Created attachment 1256463 [details] build logs Description of problem: Running concurrent build test causes this problem, one of quickstart app build stuck on Running status for 11 hours. root@ip-172-31-37-221: ~/svt # oc get pods NAME READY STATUS RESTARTS AGE django-psql-example-1-build 0/1 Completed 0 12h django-psql-example-2-build 0/1 Completed 0 12h django-psql-example-3-build 0/1 Completed 0 11h django-psql-example-4-build 0/1 Completed 0 11h django-psql-example-5-build 1/1 Running 0 11h Version-Release number of selected component (if applicable): openshift v3.5.0.32-1+4f84c83 kubernetes v1.5.2+43a9be4 etcd 3.1.0 How reproducible: Steps to Reproduce: 1. create 50 django apps 2. Run concurrent builds for django app 3. This happened when 40 builds were running Env has 2 m4.xlarge worker nodes, 1 infra and 1 master. Actual results: Build stuck in Running status Expected results: Build should fail/pass Additional info: Build logs attached.
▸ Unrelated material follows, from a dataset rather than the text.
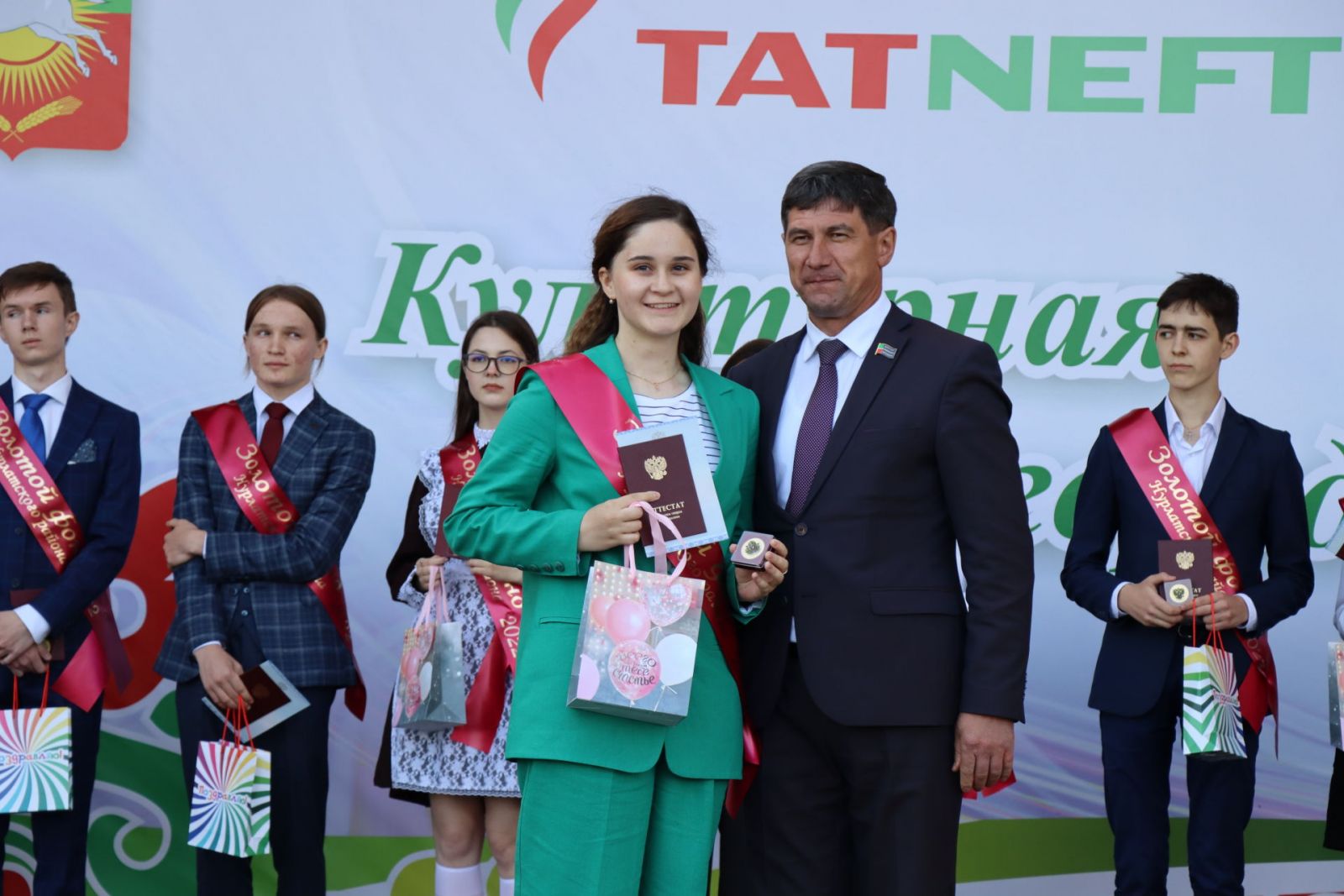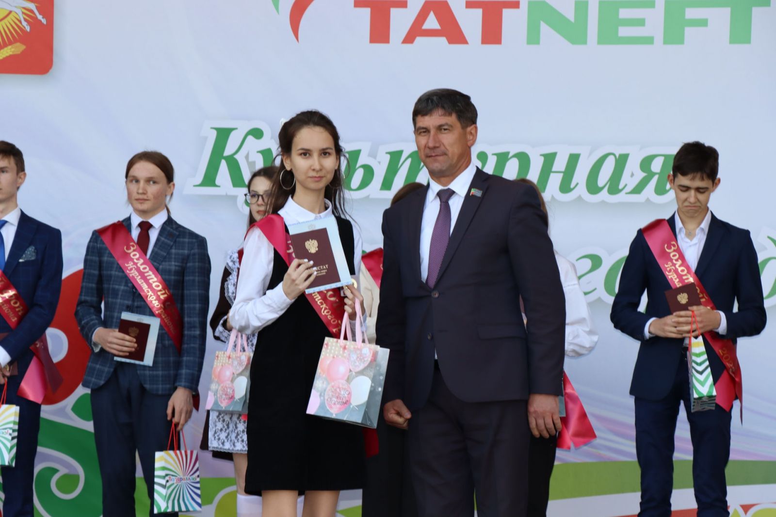 Безнең районны һәм республиканы олимпиада хәрәкәтендә үз казанышлары белән таныткан чыгарылыш сыйныф укучыларын аерым билгеләп үттеләр. «Татнефть» хәйрия фондының «сәләтле балалар» программасы сертификаты һәм 20 мең сум күләмендә акчалата премия белән гимназияне тәмамлаган Полина Миронова-Җамалиева бүләкләнде.

Hi Vikas, Would it be possible to get the state of the pod that corresponds to that build? If the pod is in the running state, find the node where the pod is running and signal the pod's main process with -6 (SIGABRT). A goroutine dump would be output to the pod/build log. That would give us a clue as to what's stuck.
Created attachment 1256490 [details] describe pod
Jim, copying you on this bug. Ben said you may have fixed this issue already. The build pod hangs while executing the post-commit hook. This is the hook: "postCommit":{"script":"./manage.py test"} Any info you can add is greatly appreciated.
It's possible, but I thought the problem I was looking at only happened on hooks that terminated very quickly. Perhaps if the box is under sufficient load it's also possible to trigger it. References: https://github.com/openshift/origin/issues/12587 https://bugzilla.redhat.com/show_bug.cgi?id=1420147 Vikas, what version of docker is being used please? Does the problem recur with docker-1.12.6-10.el7 ?
Jim, the node is running docker-1.12.6-8.el7.x86_64
Jim, Client: Version: 1.12.6 API version: 1.24 Package version: docker-common-1.12.6-8.el7.x86_64 Go version: go1.7.4 Git commit: ddff1c3/1.12.6 Built: Mon Feb 20 11:27:19 2017 OS/Arch: linux/amd64 Server: Version: 1.12.6 API version: 1.24 Package version: docker-common-1.12.6-8.el7.x86_64 Go version: go1.7.4 Git commit: ddff1c3/1.12.6 Built: Mon Feb 20 11:27:19 2017 OS/Arch: linux/amd64 I will do another run with docker-1.12.6-8.el7.x86_64 when available in openshift latest repo.
Vikas, you mean docker-1.12.6-10.el7.x86_64 ?
Oh sorry, yes docker-1.12.6-10.el7.x86_64
Created attachment 1256713 [details] go routine dump of stuck s2i builder
raising sev since its blocking svt testing, was able to reproduce in next run. Will test again as soon as the new rpm is available.
Jim, please see the attached goroutine dump. I believe this is the same issue you referenced above. The builder thread is stuck copying from the output stream of the post-commit hook container while that container has already finished. If it is fixed in docker-1.12.6-10.el7.x86_64, then the issue should hopefully be resolved when Vikas upgrades.
Cesar - agreed.
Happened again, this time with the newer docker version: root@ip-172-31-57-222: ~ # docker version Client: Version: 1.12.6 API version: 1.24 Package version: docker-common-1.12.6-10.el7.x86_64 Go version: go1.7.4 Git commit: 7f3e2af/1.12.6 Built: Tue Feb 21 15:24:45 2017 OS/Arch: linux/amd64 Server: Version: 1.12.6 API version: 1.24 Package version: docker-common-1.12.6-10.el7.x86_64 Go version: go1.7.4 Git commit: 7f3e2af/1.12.6 Built: Tue Feb 21 15:24:45 2017 OS/Arch: linux/amd64 Attaching full container log - goroutine dump is at the end.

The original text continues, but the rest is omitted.